We might guess that the more complex and delicate the computations, and the more long-term rather than immediate the goals to which they relate, the more useful, the more frequently appropriate the diffuse, reflective mode would be. Yet we might also ponder on the plight of an animal, awash with goals, projects, interests and desires, in an intricate environment replete with opportunities but also dangers, who has become locked in to the quick-sharp way of operating; who finds itself in a blacked-out cavern, full of tantalizing smells, unfamiliar protuberances and ominous noises, equipped only with a torch that gives a light spot the size of a pea. I shall argue later that people in modern industrialized societies are in precisely that position.

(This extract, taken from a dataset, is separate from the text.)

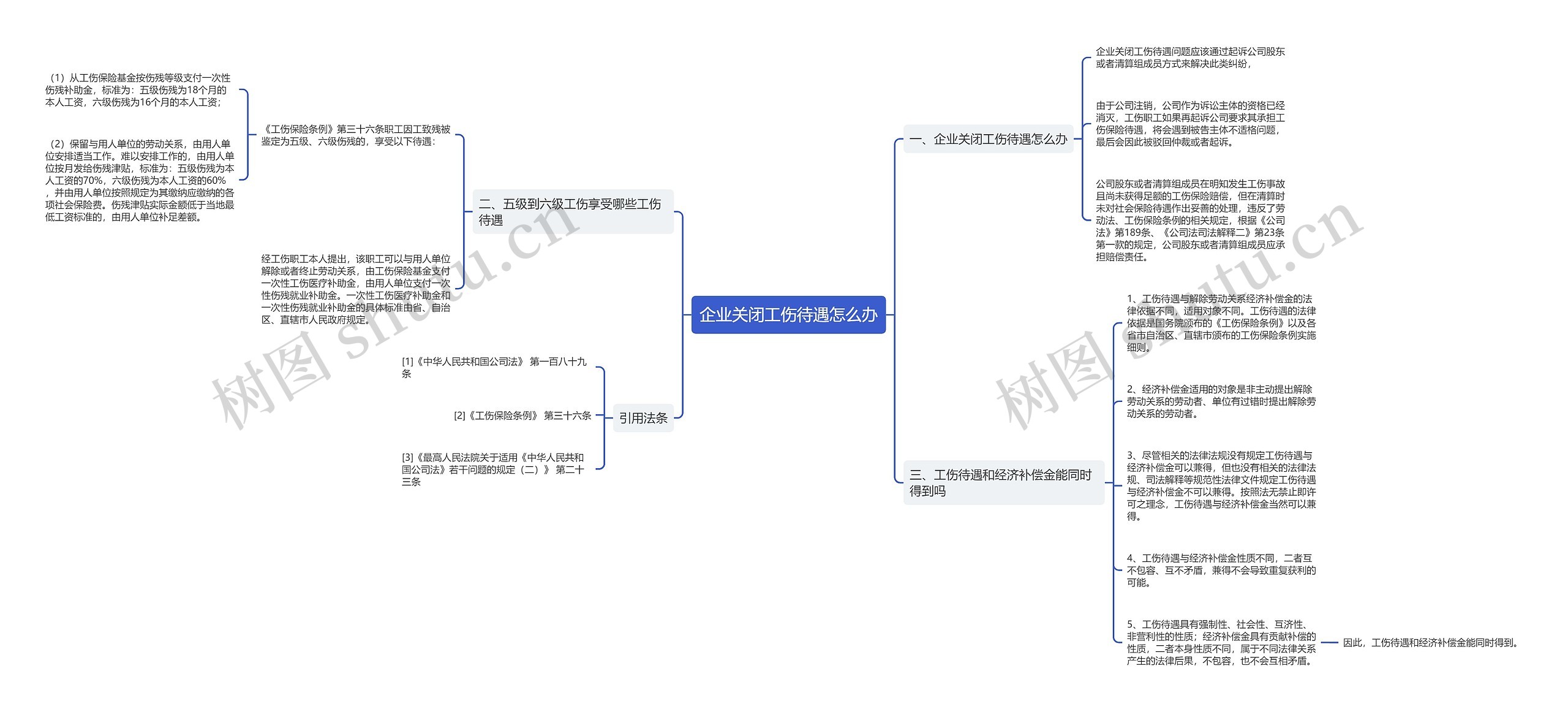 树图思维导图提供《企业关闭工伤待遇怎么办》在线思维导图免费制作,点击“编辑”按钮,可对《企业关闭工伤待遇怎么办》进行在线思维导图编辑,本思维导图属于思维导图模板主题,文件编号是:730231886160dcea2c757f854659b08e
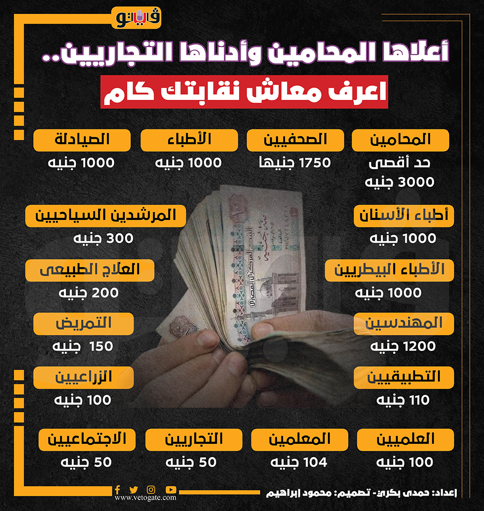أعلاها المحامين وأدناها التجاريين.. اعرف معاش نقابتك كام | انفوجراف الخميس 30/يونيو/2022 - 02:30 م 6/30/2022 2:30:45 PM نقابة المحامين حمدي بكري شارك طباعة 18 حجم الخط شارك طباعة النقابات المهنية المعاشات المعاشات الشهرية قيمة المعاشات الشهرية معاشات النقابات

One salient difference between the diffuse/holistic and the focused/analytic modes of processing is in the picture they give of the world. The focused mode shows you objects only one, or maybe only one piece or aspect, at a time. Individual figures stand starkly out from the ground. It is like having to do a 1000 piece jigsaw puzzle without having access to the picture on the lid of the box. Small details or objects seem to be self-existent; if they have a life it is a life of their own, and any overall sense of relationship, of the ecology of the situation, has to be painstakingly constructed with the help of memory, rather than, as with the candle, apprehended as a whole. Diffuse processing, on the other hand, gives an ecological view; it leaves out detail, but conveys a sense of the relationship between ‘figure’ and ‘ground’, to use Gestalt psychologists’ terms.
How the Brain Behaves
Some of the most general features of human psychology arise simply from the nature of the brain-mind system – without our having to add any other assumptions. It is obvious, for example, that such brains are built to generalize and categorize in the same way that humans do. Experience wears metaphorical ‘grooves’ in the brain, as a river gradually wears a V-shaped valley through the landscape. And just as rain falling on the sides of the valley tends to run down into the river, so experiences that share most, but not all, of the features of a very common category will tend to be treated as if they were typical members of the category.28 If it has got soft fur, likes fish, mews and rubs itself along my legs at supper time – well, that’s good enough for me: it’s a cat. It may only have three legs, be at least six inches longer than any other cat I’ve ever seen, and have fur the colour of the sky…OK, it’s a lame, gross, exotic cat – but still, basically, a cat.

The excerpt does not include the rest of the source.